§ **ABOUT THIS EXERCISE**
Starting with the first line below, extract each line through the one that contains "Scarlet with passion, seven", inclusive, excluding pictures.

§ **DATASET EXTRACT**
[Start of Attachment]
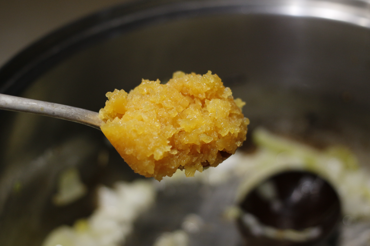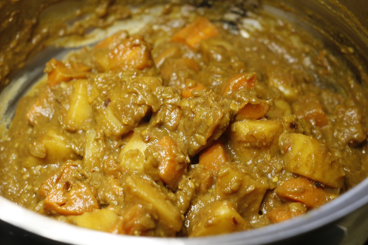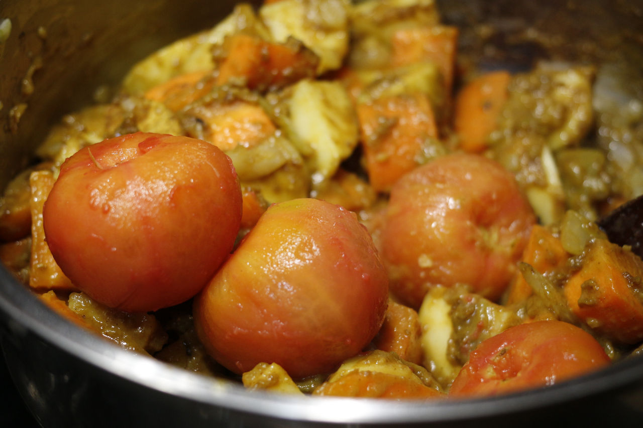 카레가루, 당근, 감자, 양파가 어느 정도 섞으면 껍질을 벗긴 토마토를 넣어서 으깨준다. 어차피 오래오래 끓여서 먹을 카레이기 때문에 아쉬워 하지 말고 가차없이 토마토를 으깨기를 바란다. 이래야지 토마토에서 나온 수분 덕분에 요리가 타지 않는다.
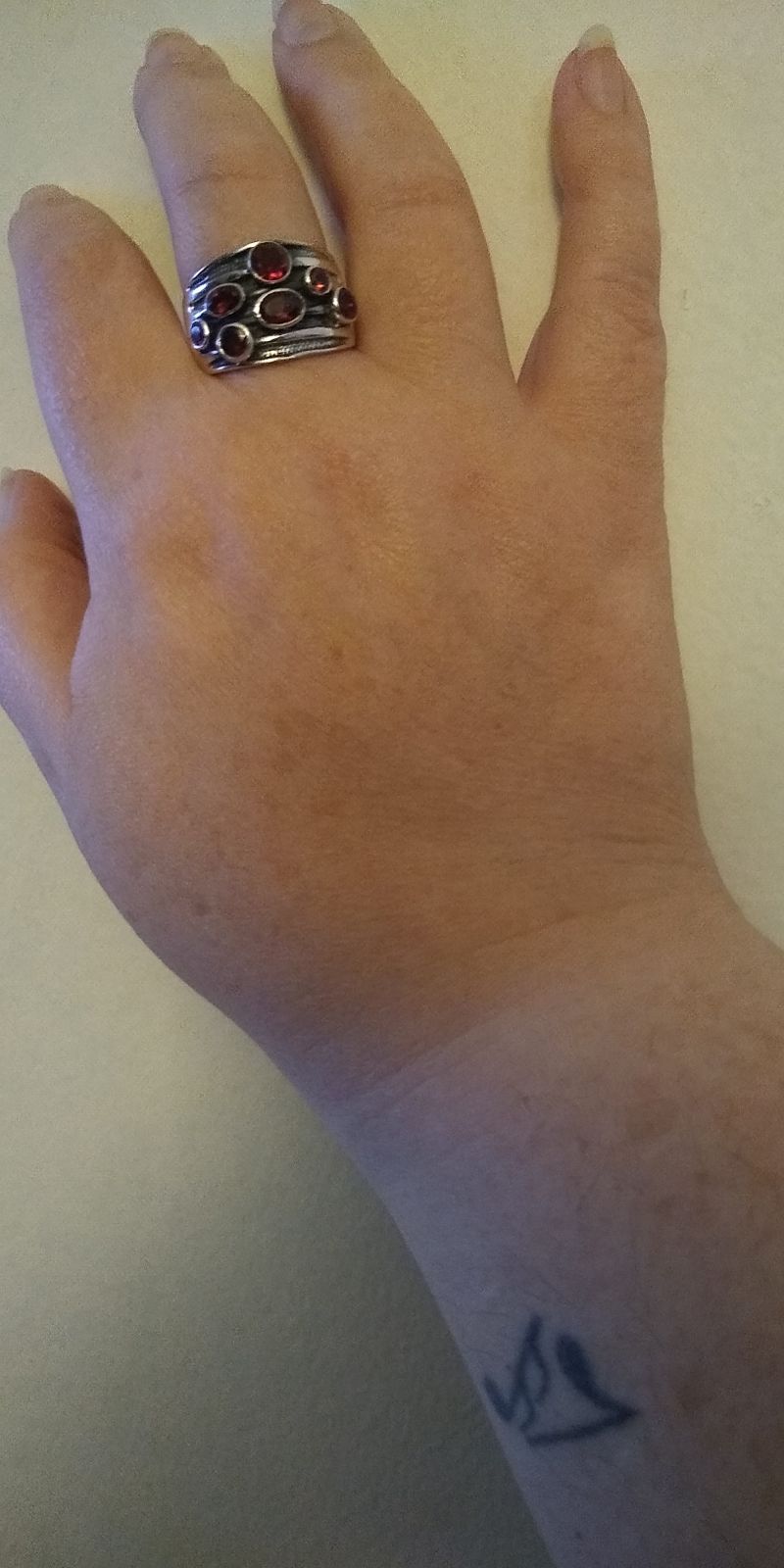 Scarlet with passion, seven faceted garnet gemstones in round and oval shapes decorate the front of this ring from India. Designed by Neetu Barathi, it encircles the finger with a wide band of sterling silver.
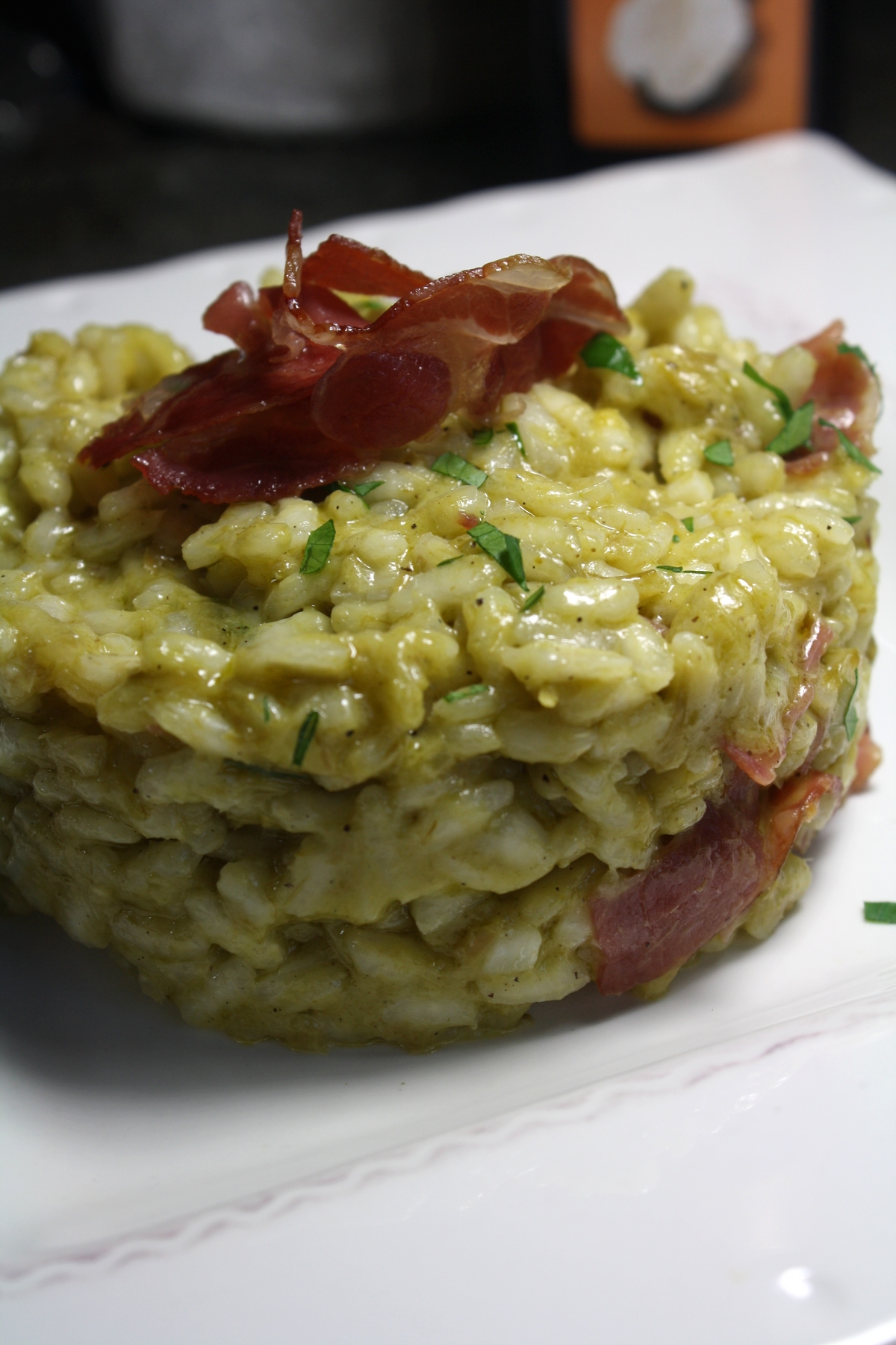 Un risotto, si je m’écoutais j’en réaliserai tout les jours moi, j’adore ça :p. Ce soir, j’utilise une autre sauce de la gamme Saclà, qui m’a gentillement fait parvenir il y’a quelques temps, de nouvelles sauces à l’occasion de notre projet « Risotto ». La sauce d’asperges Vertes est une recette raffinée à base de tendres et généreux morceaux d’asperges vertes, une texture onctueuse qui sublime parfaitement la saveur des asperges. Un véritable trésor culinaire. J’ai choisi d’accompagné ce risotto de coppa préalablement grillé au four et d’une pointe d’huile de truffe de mon partenaire «  123 pâtes« . Cette huile apporte une touche de fantaisie et des saveurs exquises. Une merveille !
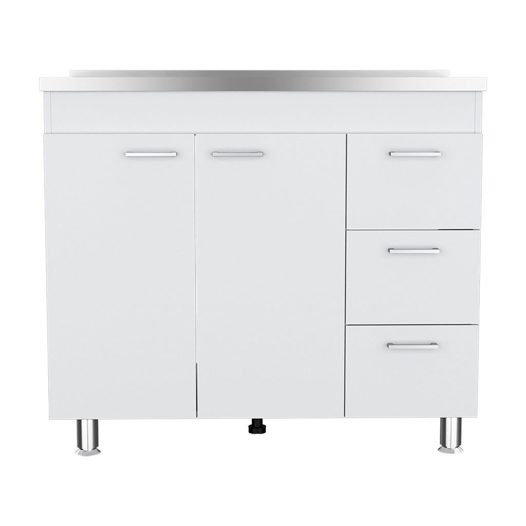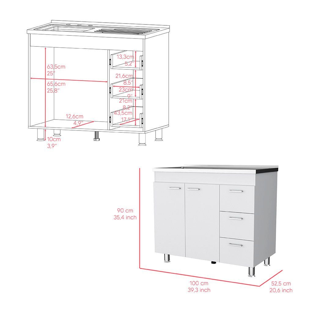 The Kisco Utility Sink is perfect for your kitchen! The large aluminum countertop (20,67"D X 39,37"W) is great for preparing food or washing dishes, and the large double-door cabinet with internal storage provides plenty of room to store your kitchen items. Additionally, the three drawers on the front of the cabinet are perfect for keeping your utensils and other tools organized and easy to access. ***FAUCET NOT INCLUDED*** Designed with elegant White manufactured wood finish.Dimensions:Height: 35.43' Width: 39.37 ' Depth: 20.67'Furniture Type: Ready to assemble (full assembly required).Certifications: CARB phase II compliant – TSCA Title VI Compliant. Warranty: 1-year warranty coverage in wooden parts- 1-year warranty coverage in hardware pieces since its manufacturing date is found in the lot number printed in the product box.Shipment details: Free shipping to the 48 contiguous states - delivery time: Between 2 and 5 days depending on the customer's location- season- and weather factors. Other details: This product does not include decorative or background elements; Check that the box is in good condition- and well packed- and check with the help of the manual that the corresponding parts have been included; For more warranty information- shipment details- cancellations- returns & replacement parts go to the bottom section of our website to learn more; Installation & Assembly Instructions included.
[End of Attachment]
§ **RESPONSE**
 카레가루, 당근, 감자, 양파가 어느 정도 섞으면 껍질을 벗긴 토마토를 넣어서 으깨준다. 어차피 오래오래 끓여서 먹을 카레이기 때문에 아쉬워 하지 말고 가차없이 토마토를 으깨기를 바란다. 이래야지 토마토에서 나온 수분 덕분에 요리가 타지 않는다.
 Scarlet with passion, seven faceted garnet gemstones in round and oval shapes decorate the front of this ring from India. Designed by Neetu Barathi, it encircles the finger with a wide band of sterling silver.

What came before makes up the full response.